ECLI:NL:CRVB:2020:1307
Centrale Raad van Beroep
- Hoger beroep
- M.A.H. van Dalen-van Bekkum
- A.L. Abdoellakhan
- Rechtspraak.nl
Verrekening van proceskosten met onverschuldigde betaling in het bestuursrecht
In deze zaak heeft de Centrale Raad van Beroep op 25 juni 2020 uitspraak gedaan in hoger beroep tegen een eerdere beslissing van de rechtbank Rotterdam. De zaak betreft de Sociale verzekeringsbank (Svb) die hoger beroep heeft ingesteld tegen de uitspraak van de rechtbank, waarin werd geoordeeld dat de Svb ten onrechte de proceskostenvergoeding had verrekend met een openstaande vordering uit onverschuldigde betaling.
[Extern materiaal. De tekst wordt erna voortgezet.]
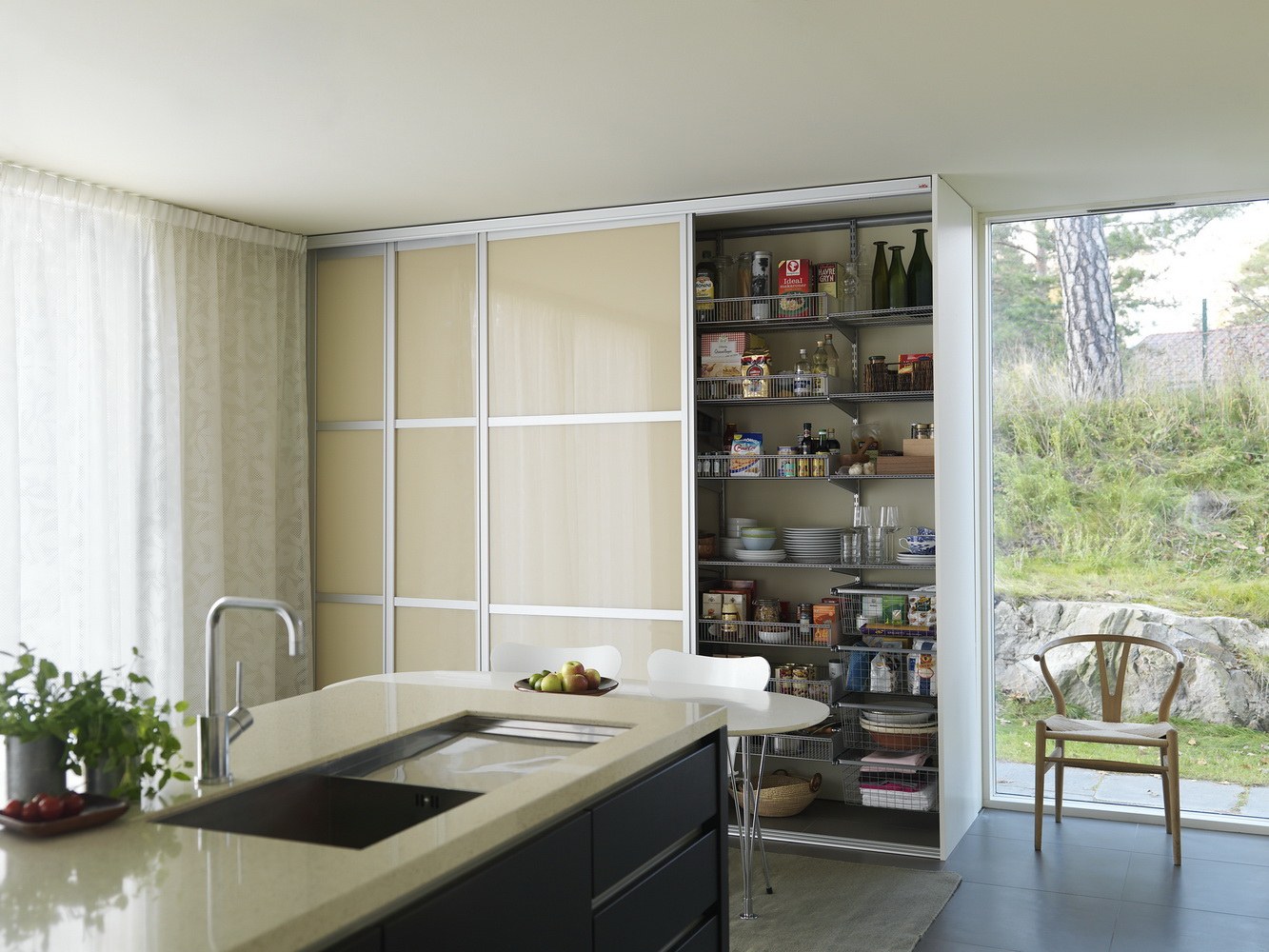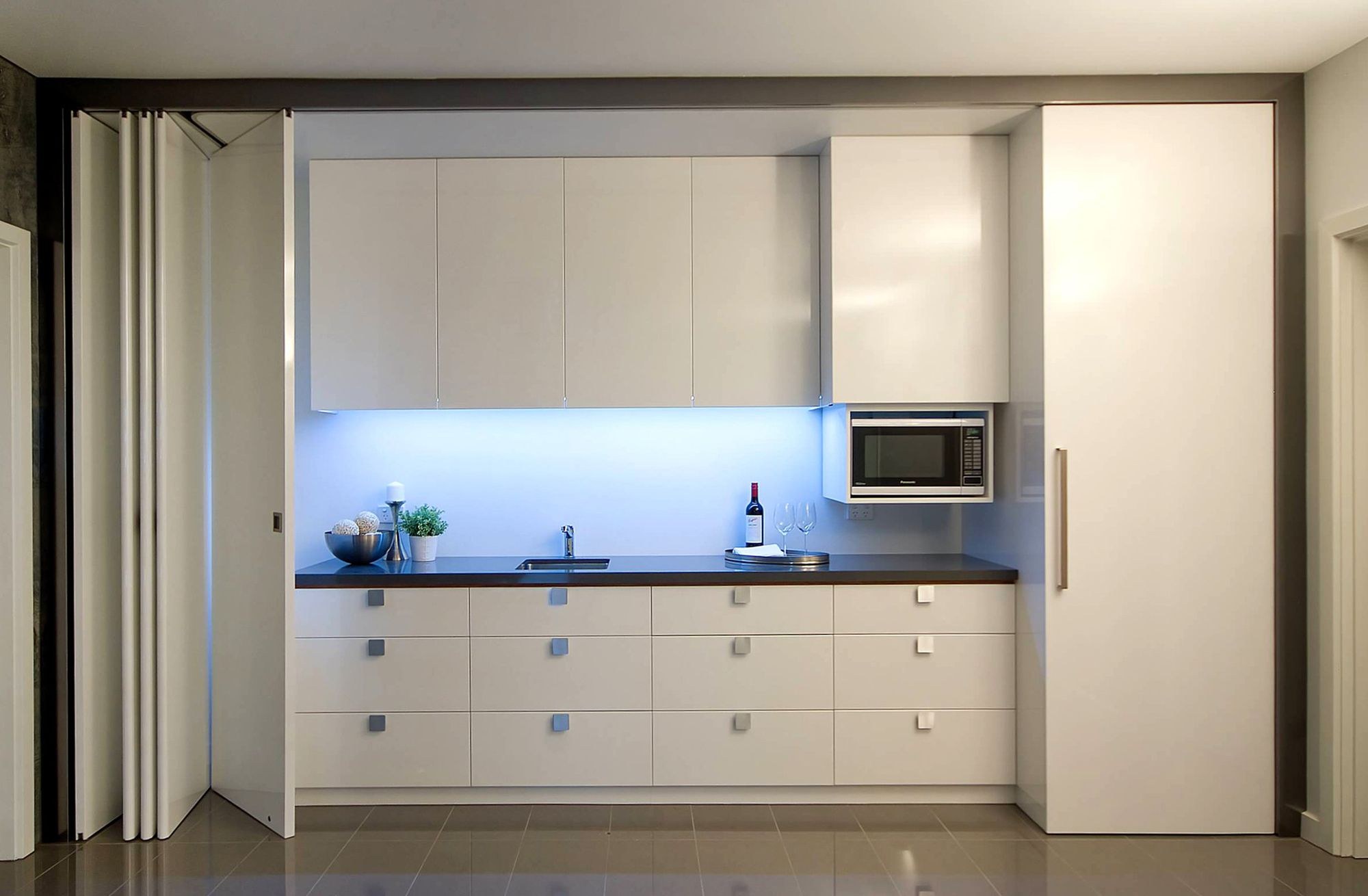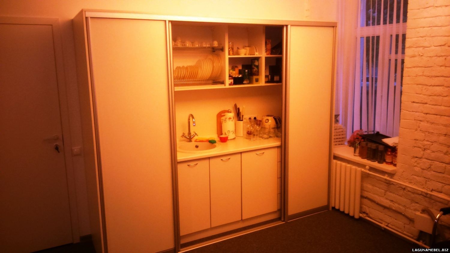 Кухонный гарнитур с раздвижными дверями (30 фото)

De rechtbank had geoordeeld dat er geen wettelijke grondslag was voor deze verrekening, maar de Centrale Raad van Beroep heeft dit oordeel verworpen. De Raad oordeelde dat artikel 54 van de Algemene nabestaandenwet (ANW) een wettelijke basis biedt voor de verrekening van proceskosten met een vordering uit onverschuldigde betaling. De Svb had eerder een nabestaandenuitkering beëindigd en een bedrag van € 46.406,16 teruggevorderd. De Raad concludeerde dat de Svb bevoegd was om de proceskostenvergoeding te verrekenen met de openstaande vordering, en vernietigde de eerdere uitspraak van de rechtbank. De Raad verklaarde het beroep van de betrokkene ongegrond en gaf aan dat er geen aanleiding was voor een veroordeling in de proceskosten.